L'angelo azzurro del rock

di Juri Camisasca

Ho conosciuto Milva in occasione del suo disco “Svegliando l’amante che dorme”, prodotto da Battiato e che conteneva anche pezzi miei: soprattutto Potemkin, scritto appositamente per lei, e Angelo del rock, brano con una venatura anni ’70 che avevo solo abbozzato e che ho rifinito pensando ad una sua interpretazione. Potemkin invece ha un impianto di carattere storico, con una valenza spirituale in filigrana. Tenendo presente la musica che lei cantava, mi sembrava che questa canzone avesse un clima simile e che lei fosse adatta ad interpretare una storia di quel tipo.

Milva mi fece subito un’ottima impressione. La conoscevo solo di riflesso, attraverso il suo personaggio pubblico, e poi scoprii con grande piacere che al di là della sua apparenza inarrivabile c’era una persona semplice e piena di umanità. Dopo il disco la accompagnai in tournée e fu un’esperienza bellissima. Mi colpì innanzi tutto la sua professionalità e il suo dare tutta se stessa durante i concerti. Ricordo che una sera stava molto male, era bianca come un cencio, non aveva dormito la notte. Si pensava di rinviare l’esibizione, ma il teatro era già pieno e lei non volle: chiamò un medico, si fece prescrivere qualcosa e poi fece tutto il concerto come le altre volte, escludendo solo un paio di brani che richiedevano un eccessivo sforzo vocale. Temevo di vederla crollare da un momento all’altro sul palco e invece cantò con la carica di sempre, concedendo anche dei bis. Incredibile, mi colpì davvero: chiunque altro avrebbe annullato il concerto.

La sua energia è poi accompagnata da una vocalità straordinaria. La grandezza di un interprete è quella di rendere importante tutto quello che canta, anche se di per sé non sarebbe di grande valore, e Milva, da grande artista quale è, qualunque cosa canti lo rende personale, importante, fa sentire a chi ascolta che sta avvenendo qualcosa di bello.

Dopo la tournée non ci siamo più sentiti, ma di lei conservo un piacevolissimo ricordo, perché nonostante l’apparenza di donna fatale, conserva quella fragilità e quell’umanità che le fanno mantenere dei rapporti sinceri. Ad esempio mi ha colpito il rapporto straordinario che ha con sua figlia Martina. Quando una persona raggiunge tali vette di popolarità si tende a pensare che sia distaccata dagli affetti quotidiani, e invece mi ha piacevolmente stupito notare come Milva e Martina siano davvero amiche.

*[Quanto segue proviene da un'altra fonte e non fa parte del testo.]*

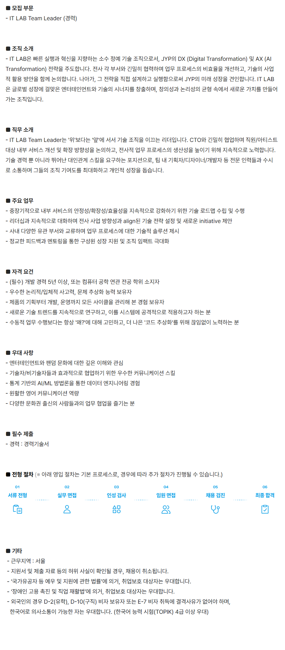 - IT LAB Team Leader (°æ·Â)

Il suo apporto alla musica italiana credo sia stato innanzi tutto quello di insegnare ad interpretare. C’è in lei infatti una teatralità innata, un innesto tra teatro e musica che la rende riconoscibile e unica. Un altro è stato il grande salto di qualità che ha compiuto nel corso degli anni. Lei stessa ammette di non avere avuto la possibilità di formarsi culturalmente da giovanissima, ma poi attraverso gli incontri, le circostanze e il suo talento è entrata in contatto con un mondo di gente colta e raffinata. In queste circostanze bisogna essere davvero bravi a non vacillare, e lei ci è riuscita alla grande, come persona e come artista. In fondo la canzone italiana ha avuto molti bravi interpreti, ma la particolarità di Milva è quella di non essersi fermata a cantare brani leggeri e di stampo popolare, ma di essersi evoluta fino a diventare un’esponente della musica colta, e con il suo salto di qualità personale ha contribuito ad elevare anche il livello di gusto della gente. Viene considerata la Marlene Dietrich italiana, e questo dice tutto. Credo che ora come ora non ci sia nessuna che possa considerarsi una sua erede, anche perché fa parte di un modo di intendere l’arte che purtroppo sta scomparendo. Oggi molti si accontentano del successo per l’estate, di essere trasmessi in radio... Milva ha cantato alla Scala! Tutto un altro peso artistico, un altro valore, un segno che rimane.